Dividing a disk partition into divisions using divvy

Use divvy(ADM) to divide a UNIX system partition into a maximum of seven divisions (0 to 6). You can use these divisions as filesystems or swap areas. Division 6 (recover) is reserved for use by fsck(ADM) on the root disk only. Division 7 is reserved and refers to the entire partition.

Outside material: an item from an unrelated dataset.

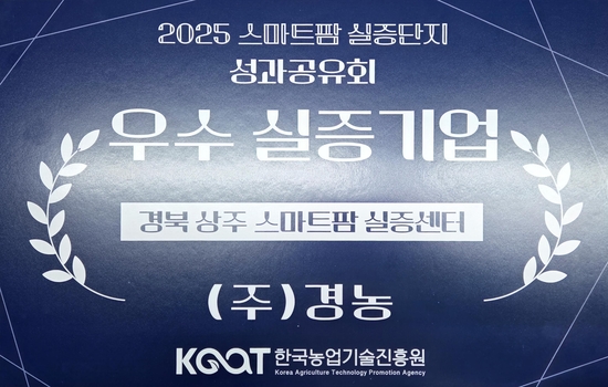 ㈜경농이 한국농업기술진흥원이 운영하는 스마트팜혁신밸리 실증단지에서 2025년 우수실증기업으로 선정됐다. 우수실증기업은 당해년도 실증시험에서 기술 혁신성과 실증 성과가 탁월한 기업을 대상으로 선정되며, 스마트팜 산업의 기술 경쟁력을 가늠하는 주요 지표로 평가된다.

divvy displays a table of the current divisions within a UNIX partition. To change this table, use the following one-letter commands to:


n
name a division. This creates a corresponding block device file for accessing the division, for example, /dev/x for a division named x. Do not name a division usr.

c
create a division. Used to bring a division into use.

t
select the filesystem type of a division. Divisions can be one of the supported filesystem types such as HTFS or DTFS, and NON FS for a swap or recover area.

p
prevent a filesystem from being created on a division.

s
define the start logical block for a division. divvy displays the total number of filesystem logical (1KB) blocks available. Note that a filesystem logical block is not the same as a physical disk block or a SCSI logical block (which are typically 512 bytes in size). Do not allow any of divisions 0 to 6 to overlap; a division cannot start on or before the end block of the previous division.

e
define the end logical block for a division.

r
restore the division table to the state it was in when you entered divvy.
Changes are not final until you quit divvy and select install (i) from the closing menu. To leave divvy without saving your changes, select exit (e) from the closing menu.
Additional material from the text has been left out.